The models under `checkpoints/exp002_kappa/` (in google drive) are the ones that can also estimate uncertainty.
Then, move to the folder `projects/dsine/`, and run
```
python test_minimal.py ./experiments/exp001_cvpr2024/dsine.txt
```
This will generate predictions for the images under `projects/dsine/samples/img/`. The result will be saved under `projects/dsine/samples/output/`.
Our model assumes known camera intrinsics, but providing approximate intrinsics still gives good results. For some images in `projects/dsine/samples/img/`, the corresponding camera intrinsics (fx, fy, cx, cy - assuming perspective camera with no distortion) is provided as a `.txt` file.

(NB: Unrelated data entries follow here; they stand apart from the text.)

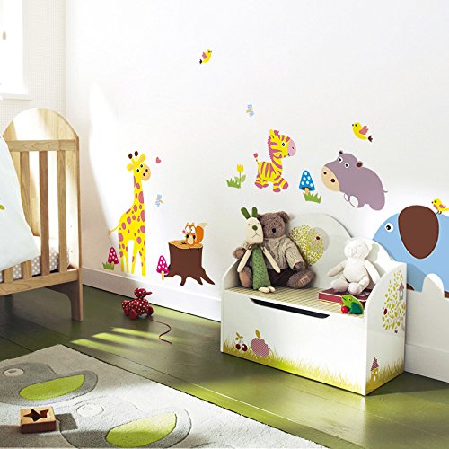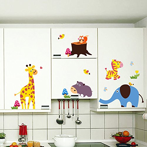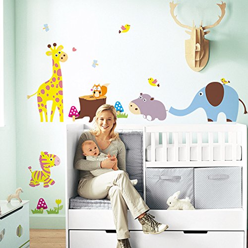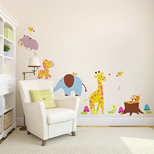 ZooArts 可愛いな動物 キリン 象 ゼブラ カバ キノコ 自然 子供部屋 幼稚園 ウォールステッカー シール ウォールペーパー 環境保護 おしゃれ はがせる インテリア雑貨 賃貸OK
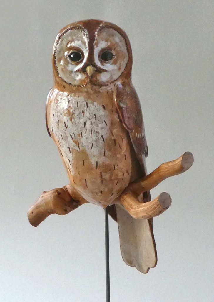 Zo is de grote bosuil geworden. Ik ben heel tevreden over het gezicht en de ogen. Hij heeft een mooie peinzende blik!
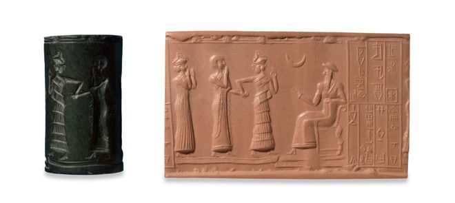 滚筒印章被视为国外宝石印章的源头,也是目前所知世界上最早的印章形式。它大约出现在公元前3400年的两河流域苏美尔文明,比中国成熟的印章体系早了近两千年。
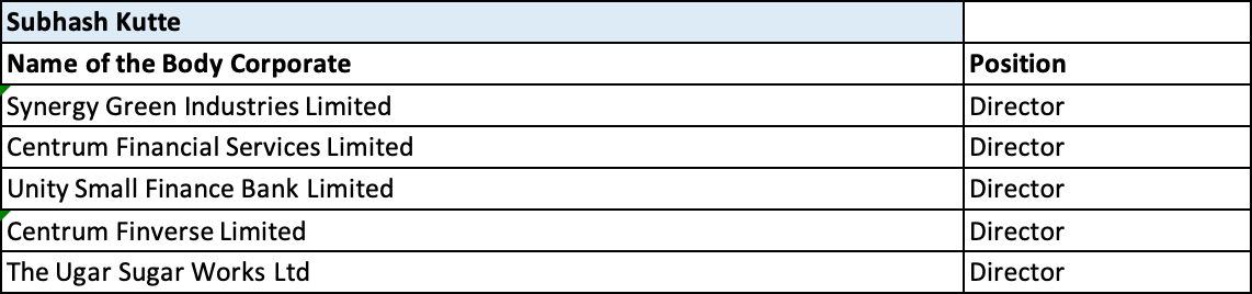 Mr. Subhash Kutte has been a Banker throughout his life. He had joined Ratnakar Bank in June 1980 and served the bank for thirty-four years, initially in an executive capacity across various departments, including MD & CEO, and in the last four years as its non-executive Chairman. He retired as the Chairman of RBL Bank Limited in the year 2014.
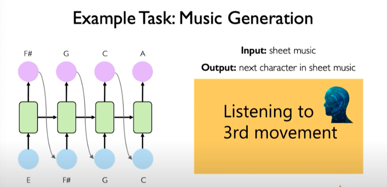 We can train a model to predict next musical note in sequence and generate brand new musical sequences. We can treat is a next time step prediction problem.
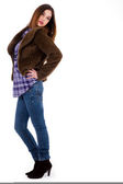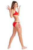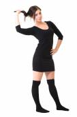 pełnej długości piękny blond dziewczyna, chodzenie i patrzy na Ciebie
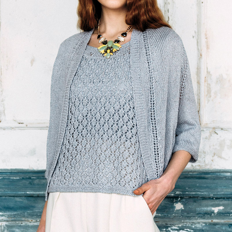 材料:ダイヤモンド毛糸 ダイヤコスタルナ ライトグレー(9203)240g/7玉。
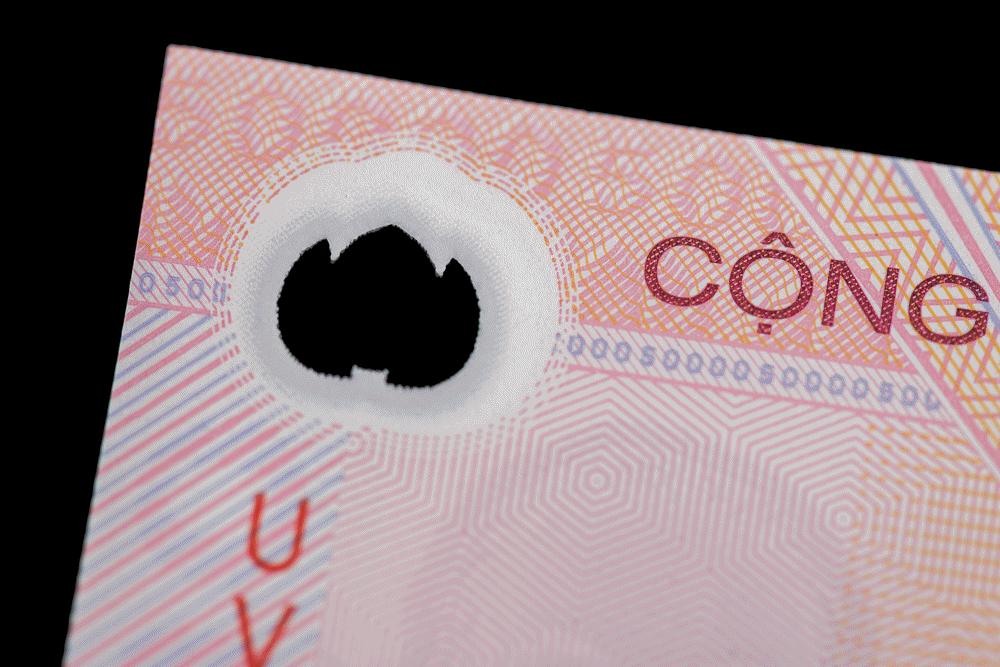 VIGNETTE™ is a distinctive printed design of opaque inks within a window. It is visible when a banknote is held flat (in transmission) or at an angle (on reflection). VIGNETTE adds complexity by interacting with other security features or design elements near the window’s edge. In a full window, the feature is visible from both sides of the banknote.
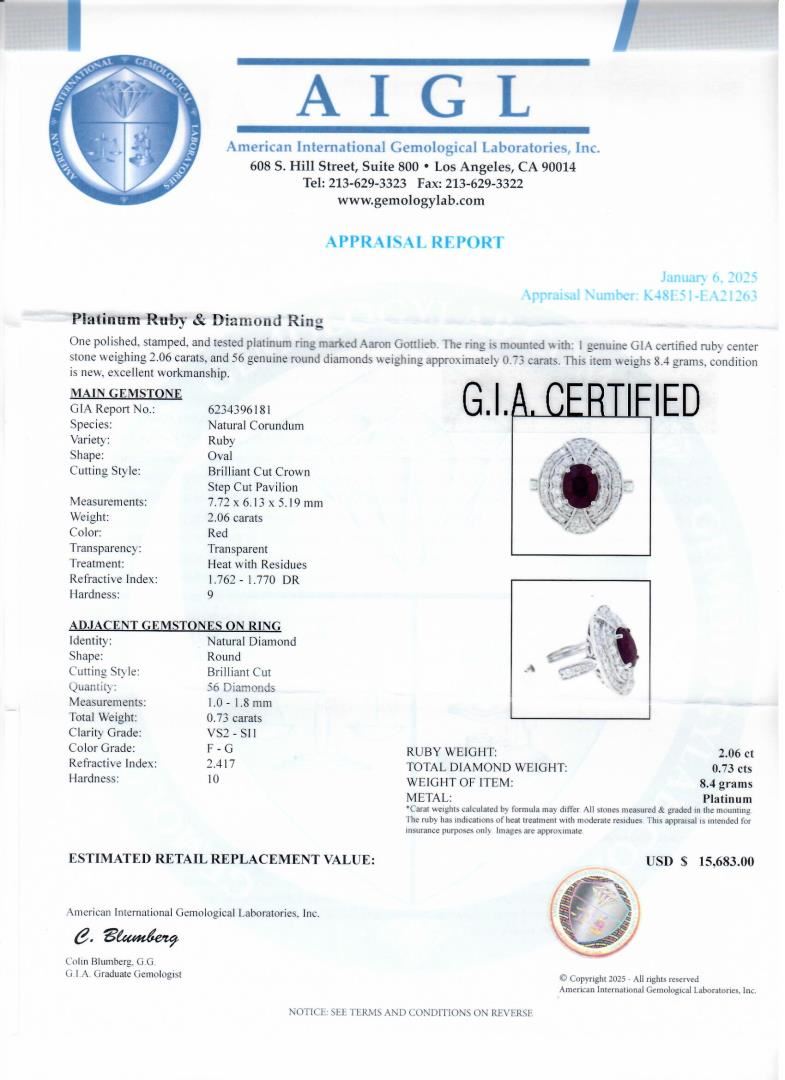 One polished, stamped, and tested platinum ring marked Aaron Gottlieb. The ring is mounted with: 1 genuine GIA certified ruby center stone weighing 2.06 carats, and 56 genuine round diamonds weighing approximately 0.73 carats. This item weighs 8.4 grams, condition is new, excellent workmanship. #MAIN GEMSTONE# GIA Report No.2 6234396181; Species: Natural Corundum; Variety: Ruby; Shape: Oval; Cutting Style: Brilliant Cut Crown, Step Cut Pavilion; Measurements: 7.72 x 6.13 x 5.19mm; Weight: 2.06 carats; Color: Red; Transparency: Transparent; Treatment: Heat with Residues; Refractive Index: 1.762 - 1.770 DR; Hardness: 9 #ADJACENT GEMSTONES ON RING# Identity: Natural Diamond; Shape: Round; Cutting Style: Brilliant Cut; Quantity: 56 Diamonds; Measurements: 1.0 - 1.8mm; Total Weight: 0.73 carats; Clarity Grade: VS2-SI1; Color Grade: F-G; Refractive Index: 2.417; Hardness: 10 #RUBY WEIGHT: 2.06 ct; TOTAL DIAMOND WEIGHT: 0.73 cts; WEIGHT OF ITEM: 8.4 grams; METAL: Platinum #Size: 6 1/2
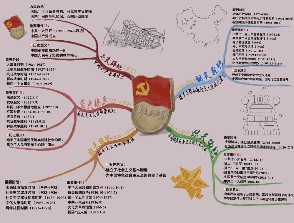 不同于传统党史学习课堂,本次活动将“学、思、创、行”深度融合,鼓励学生从“被动接受”转向“主动探索”。借助思维导图这一可视化工具,学生以笔尖梳理历史脉络,以色彩标注精神丰碑,以逻辑串联时代篇章。从五四运动到脱贫攻坚,从红船精神到新时代思想,学生在梳理过程中回顾党的光辉历程,从党史中汲取智慧和力量,进一步坚定理想信念,砥砺前行。
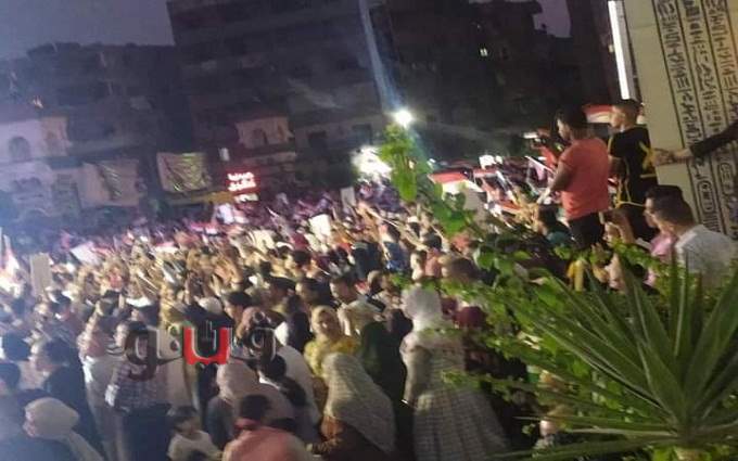 ورفع المواطنون أعلام مصر وصور الرئيس عبد الفتاح السيسي، ورددوا الهتافات احتفالًا بالنصر والهتافات المؤيدة للدولة.
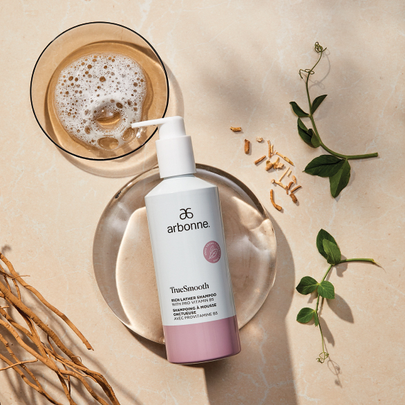 More specifically, Arbonne’s three new TrueSmooth products are the Apple Vinegar Hair Rinse, Rich Lather Shampoo with Provitamin B5, and the Hydrating Conditioner with Provitamin B5.
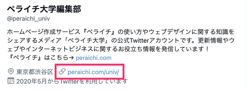 TwitterのプロフィールにはURLの専用項目があるので、コーポレートサイトやLPなど、集客をしたいWebページのURLを入れておきましょう。
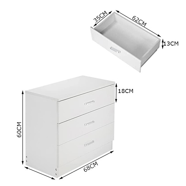 دراور سه کشو مدل IKE4025 جنس روکش ملامینه ضد خش میباشد و کشو ها با ریل ساچمه ای با کیفیت دستگیره فلزی مستحکم در سه رنگ گردویی ، سفید و آنتیک طلایی زیبا و شکیل میباشد.
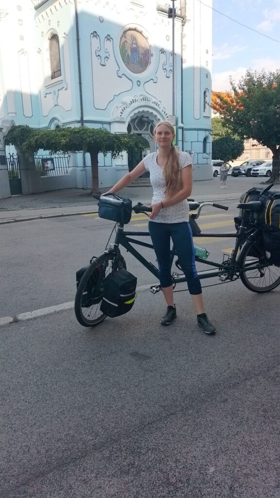 Unsere Routenkarte hat uns sehr empfohlen den Donaudurchbruch mit dem Schiff zu passieren. Das ist nicht gerade günstig und deshalb haben wir uns trotz der vielen Warnschilder über beträchtliche Steigung für den “Umweg” auf dem Tandem entschieden. Das war auch ganz in Ordnung, es hat sich nämlich herausgestellt, dass wir schon einiges an steilerer und längerer Steigung bewältigt haben. Das heute war zwar ein bisschen ein anstrengenderer Abschnitt aber die Warnungen finden wir etwas übertrieben.
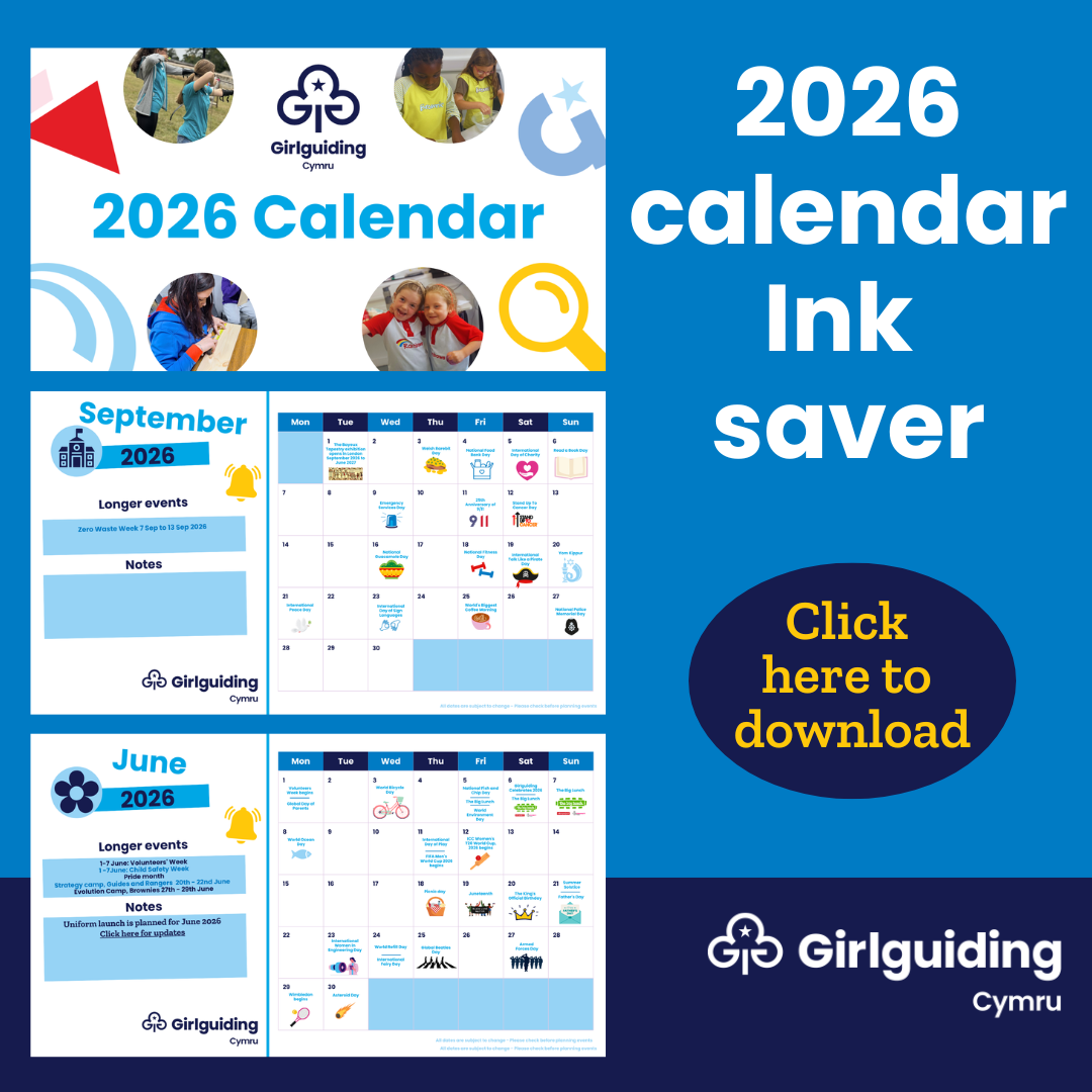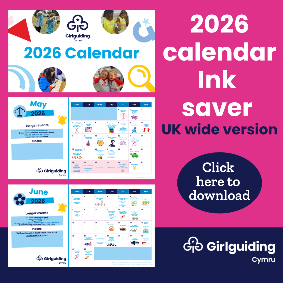 Girlguiding Cymru is excited to announce that our printable calendar has returned for 2026!
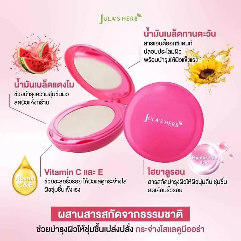 (กล่อง 3 ชิ้น) Jula’s Herb แป้งพัฟแตงโมจุฬาเฮิร์บ 1 ตลับ คุมมัน เบลอรูขุมขน (5 g.)
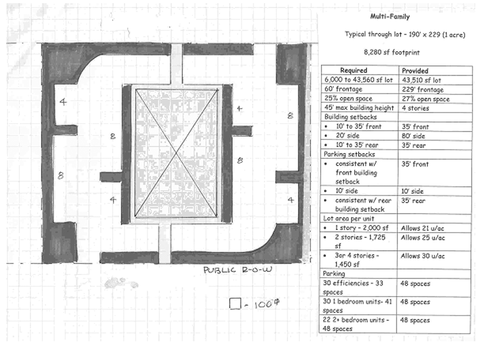 All setbacks as required in this subsection shall be measured from proposed rights-of-way.
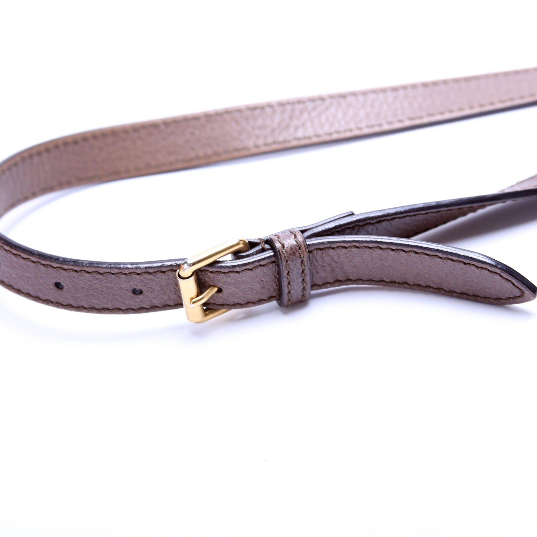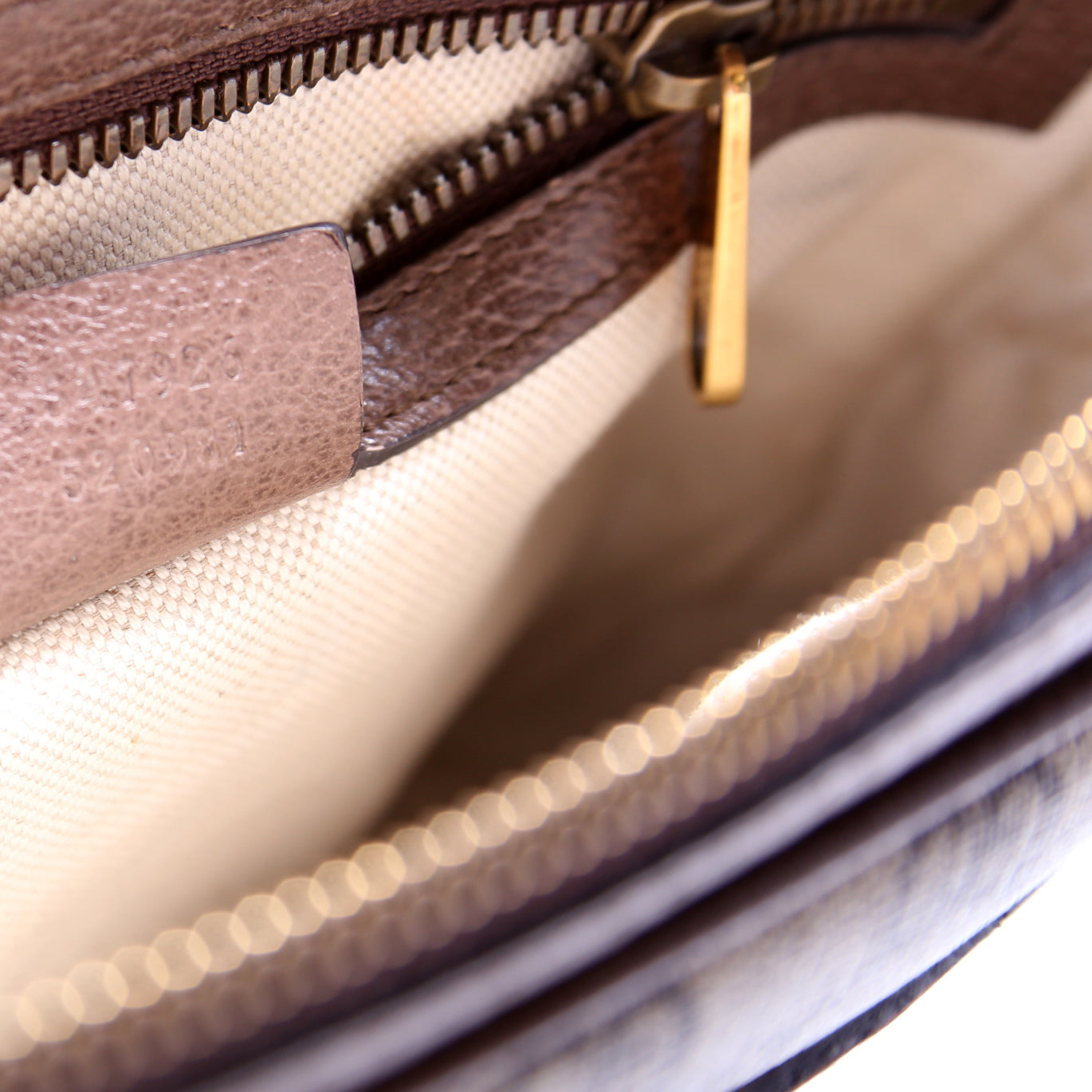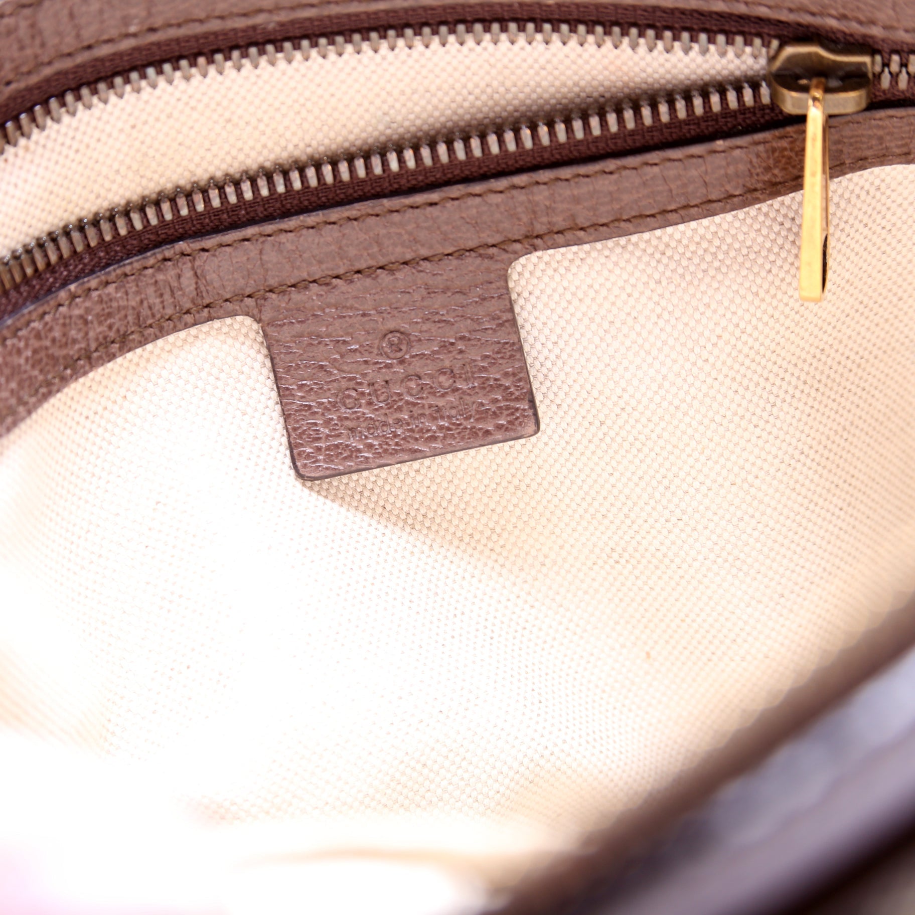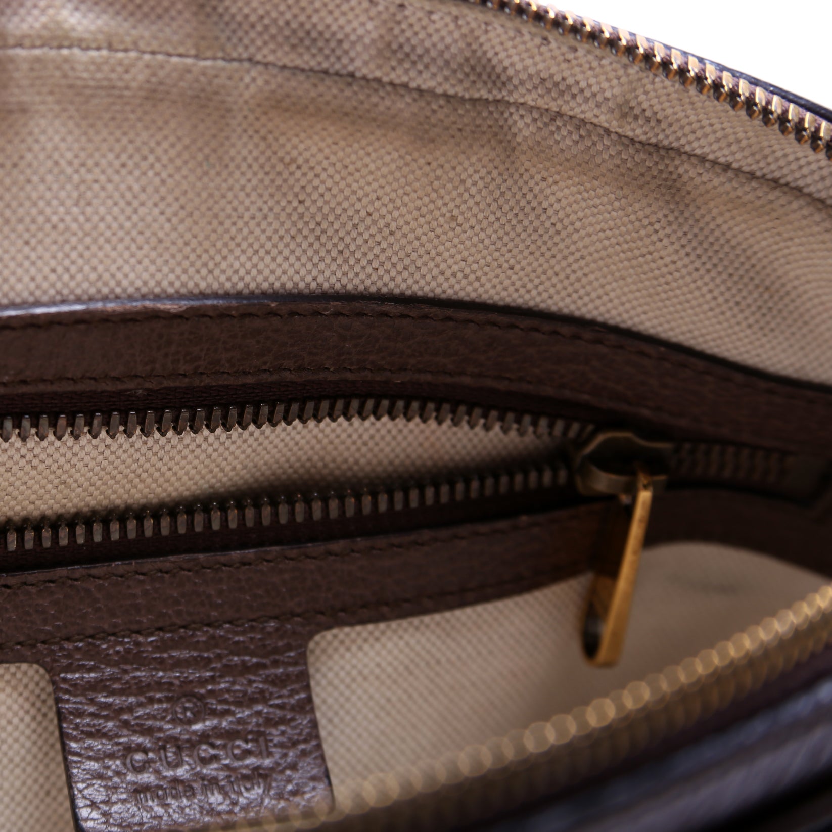 Exterior: The exterior coated canvas is free of any rips or cracks. The exterior features one zip closure pocket. The GG logo has scratches.

If such a file does not exist, the intrinsics will be approximated, by assuming $60^\circ$ field-of-view.
Step 2. Test DSINE on benchmark datasets & run a real-time demo
Install additional dependencies.
```
python -m pip install tensorboard
python -m pip install opencv-python
python -m pip install matplotlib
python -m pip install pyrealsense2 # needed only for demo using a realsense camera
python -m pip install vidgear # needed only for demo on YouTube videos
python -m pip install yt_dlp # needed only for demo on YouTube videos
python -m pip install mss # needed only for demo on screen capture
```
Download the evaluation datasets (`dsine_eval.zip`) from this link.
**NOTE:** By downloading the dataset, you are agreeing to the respective LICENSE of each dataset. The link to the dataset can be found in the respective `readme.txt`.
If you go to `projects/__init__.py`, there is a variable called `DATASET_DIR` and `EXPERIMENT_DIR`:
* `DATASET_DIR` is where your dataset should be stored. For example, the `dsine_eval` dataset (downloaded from the link above) should be saved under `DATASET_DIR/dsine_eval`. Update this variable.
* `EXPERIMENT_DIR` is where the experiments (e.g. model weights, log, etc) will be saved. Update this variable.
Then, move to the folder `projects/dsine/`, and run:
```python
# getting benchmark performance on the six evaluation datasets
python test.py ./experiments/exp001_cvpr2024/dsine.txt --mode benchmark
# getting benchmark performance on the six evaluation datasets (with visualization)
# it will be saved under EXPERIMENT_DIR/dsine/exp001_cvpr2024/dsine/test/
python test.py ./experiments/exp001_cvpr2024/dsine.txt --mode benchmark --visualize
# generate predictions for the images in `projects/dsine/samples/img/
python test.py ./experiments/exp001_cvpr2024/dsine.txt --mode samples
# measure the throughput (inference speed) on your device
python test.py ./experiments/exp001_cvpr2024/dsine.txt --mode throughput
```
You can also run a real-time demo by running:
```python
# captures your screen and makes prediction
python test.py ./experiments/exp001_cvpr2024/dsine.txt --mode screen
# demo using webcam
python test.py ./experiments/exp001_cvpr2024/dsine.txt --mode webcam
# demo using a realsense camera
python test.py ./experiments/exp001_cvpr2024/dsine.txt --mode rs
# demo on a Youtube video (replace with a different link)
python test.py ./experiments/exp001_cvpr2024/dsine.txt --mode https://www.youtube.com/watch?v=X-iEq8hWd6k
```
For each input option, there are some additional parameters. See `projects/dsine/test.py` for more information.
You can also try building your own real-time demo. Please see [this notebook](https://github.com/baegwangbin/DSINE/blob/main/notes/real_time_demo.ipynb) for more information.
Step 3. Train DSINE
In `projects/dsine/`, run:
```python
python train.py ./experiments/exp000_test/test.txt
```
And do `tensorboard --logdir EXPERIMENT_DIR/dsine/exp000_test/test/log` to open the tensorboard.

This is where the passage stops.